To study the renal ultrastructure, the renal cortex was fixed, embedded, and then stained with lead citrate and uranyl acetate. Glomerular basement membrane (GBM) thickness was measured by the orthogonal intercept method in electron photomicrographs under 20,000× magnification with a JEM 1200 EXII electron microscope (JEOL, Tokyo, Japan). Thirty measurements were performed on each glomerulus, and 20 glomeruli were measured for every animal.

Western Blot Assay.

Kidney tissues were homogenized with radioimmunoprecipitation assay buffer and protease inhibitors. Fifty micrograms of total protein were loaded in a stacking polyacrylamide gel and resolved on an 8%+15% polyacrylamide gel with biotinylated molecular weight standard markers. The samples were then transferred to a 0.2-micron nitrocellulose membrane. After blocking for 1 h, the blots were incubated overnight at 4°C with rabbit antibodies raised against cleaved-caspase 3 (1:400; Cell Signaling Technology, Danvers, MA), and β-actin (1:1000 dilution; Santa Cruz Biotechnology, Inc., Santa Cruz, CA). After washing, the membranes were probed with secondary anti-rabbit IgG-horseradish peroxidase-linked antibody (1:2000; Enzo Life Sciences, Inc., Farmingdale, NY) for 1 h at room temperature. The bands were detected by using an enhanced chemiluminescence solution (GE Healthcare, Chalfont St. Giles, Buckinghamshire, UK) and followed by exposure to X-ray film. The optical density for quantification was determined by using Glyko Bandscan 4.0 software (Prozyme, Hayward, CA).

Real-Time PCR.

Total RNA was extracted from isolated renocortical tissues by using TRIzol reagent (Invitrogen, Carlsbad, CA) and treated with RNase-free DNase (Invitrogen).
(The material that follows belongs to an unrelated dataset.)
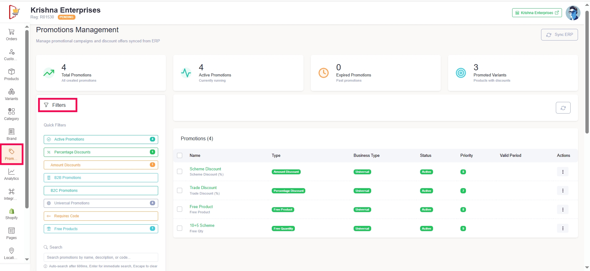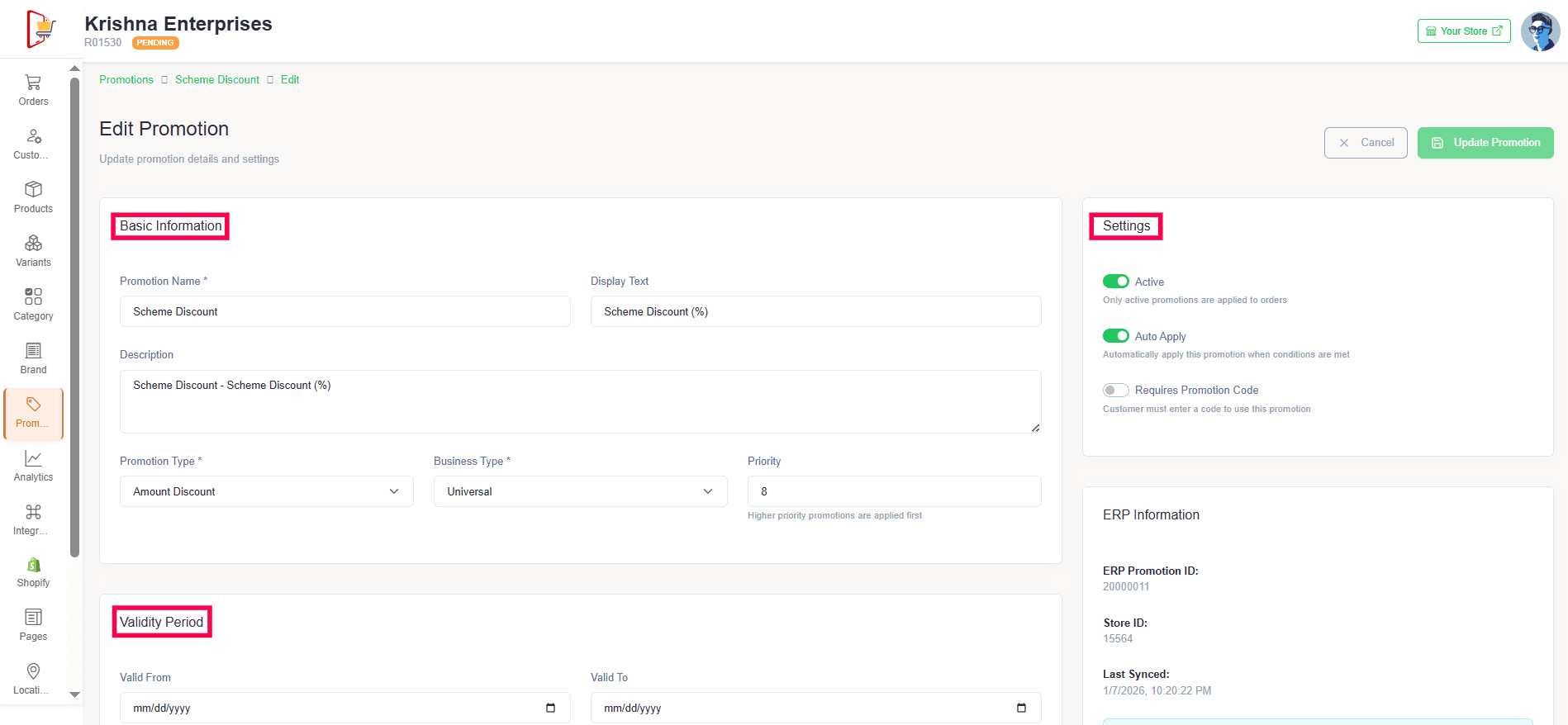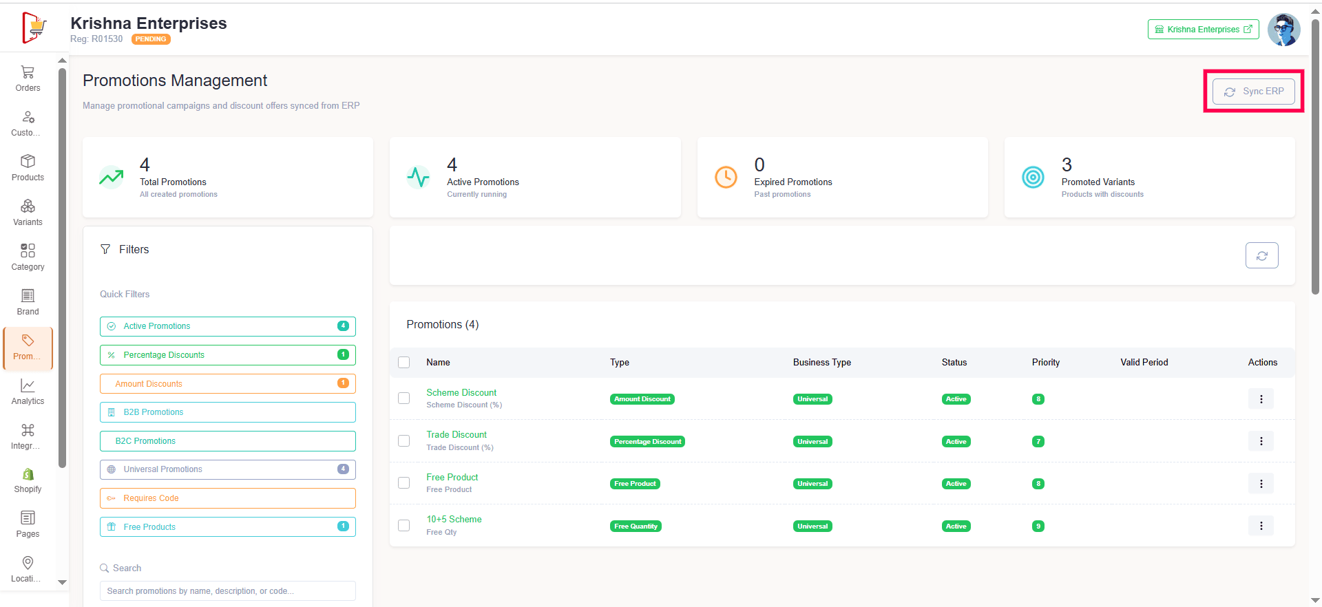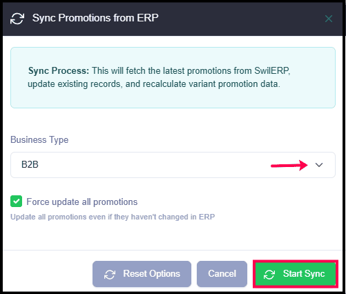 You can sync promotions directly from SwilERP to ensure SwilMart Admin always has the latest data.

First-strand cDNA was generated with random primers by reverse transcriptase (Takara, Otsu, Japan). The PCR was carried out by using a SYBR Green master mix kit and the ABI Prism 7900HT Sequence Detection System (Applied Biosystems, Foster City, CA). All reactions were conducted in triplicate as described previously (Xu et al., 2007). The obtained value was adjusted with a control gene (β-actin) and expressed as a percentage of the value in normal control extracts. The sequences of the primers were (forward and reverse, respectively): 5′-CATCCACCTGAACCTGTTTGC-3′ and 5′-GGGCAGCGTCTTTGATGAA-3′ (GLP-1R) and 5′-CGTGAAAAGATGACCCAGATCA-3′ and 5′-TGGTACGACCAGAGGCATACAG-3′ (β-actin).

Statistical Analysis.

Data are presented as the mean ± S.E.M., and a one-way analysis of variance with Duncan's post hoc test was used. Data were considered statistically significant if P < 0.05. Statistical analysis was performed by using SPSS version 12.0 software (SPSS Inc., Chicago, IL).

Results

Effect on Food Intake, Body Weight, Blood Glucose, HbA1c, and Insulin Levels.

Food intake, fasting blood glucose, and HbA1c levels were significantly higher, whereas body weight and plasma insulin levels were markedly lower, in diabetic rats compared with nondiabetic animals. LAF237 (4 or 8 mg/day) treatment did not significantly attenuate the changes. Plasma insulin content remained at rather low levels in STZ-induced diabetic rats in our study, indicating that single DPP IV inhibitor therapy had less of a hypoglycemic effect in STZ-induced type 1 diabetes than typical type 2 diabetes (Jin et al., 2009) (Table 1).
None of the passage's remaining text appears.